The subsequent day, Friend turned himself in to police and admitted he was the motive force of the minivan that hit Vang, in line with the criticism.
“I’m the one that hit that lady,” he said to police, in line with the criticism. “I take full responsibility so far as what happened.”
He was accompanied by a lady who said Friend took her vehicle without permission and had later admitted he had been in an accident. She told police he told her that he had hit an individual and left the scene.
Friend told her there was damage to her windshield from the collision. He said he believed Vang was still alive when he drove off.
St. Paul officers found the minivan parked at Mounds Boulevard and Earl Street in a car parking zone. It had cracks to the windshield and front-end damage near the passenger side.
In an Aug. 4 court motion, Friend’s attorney Erik Sandvick said Friend “panicked and drove away,” but turned himself in to police the following day. “Through his actions, he helped the solve this case and began the strategy of bringing closure to Ms. Vang’s family,” he wrote. “While his actions don’t rise to a level of a legal defense, they do show his acceptance of responsibility for his actions.”

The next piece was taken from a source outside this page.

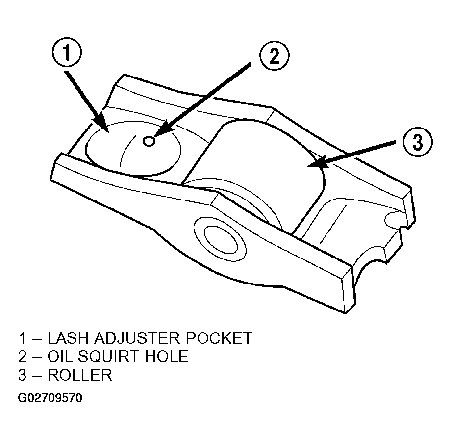 The rocker arms are composed of steel stampings with an integral roller bearing (Fig 1). The rocker arms incorporate a 0.5 mm (0.0197 in.) oil hole in the lash adjuster socket for roller/camshaft lobe lubrication (Fig 1).

Police reports don’t indicate that Friend was speeding, swerving or driving recklessly on the time of the accident, Sandvick wrote. Vang stepped out from between two cars into the road — not in a crosswalk or at an intersection, he noted.
In response to Sandvick, the ultimate autopsy report showed Vang had a blood-alcohol content of 0.21 percent and the presence of amphetamines and methamphetamine.
In a Tuesday memo arguing for the judge to follow sentencing guidelines, Assistant Ramsey County Attorney Ambrosia Mosby-Velasco noted how Friend was previously convicted of multiple misdemeanors, gross misdemeanors and felonies.
On the time of the hit-and-run, Friend was serving probation after being convicted of second-degree assault with a dangerous weapon in July 2020, “which the state believes is a showing that he will not be particularly amenable to probation,” Mosby-Velasco wrote.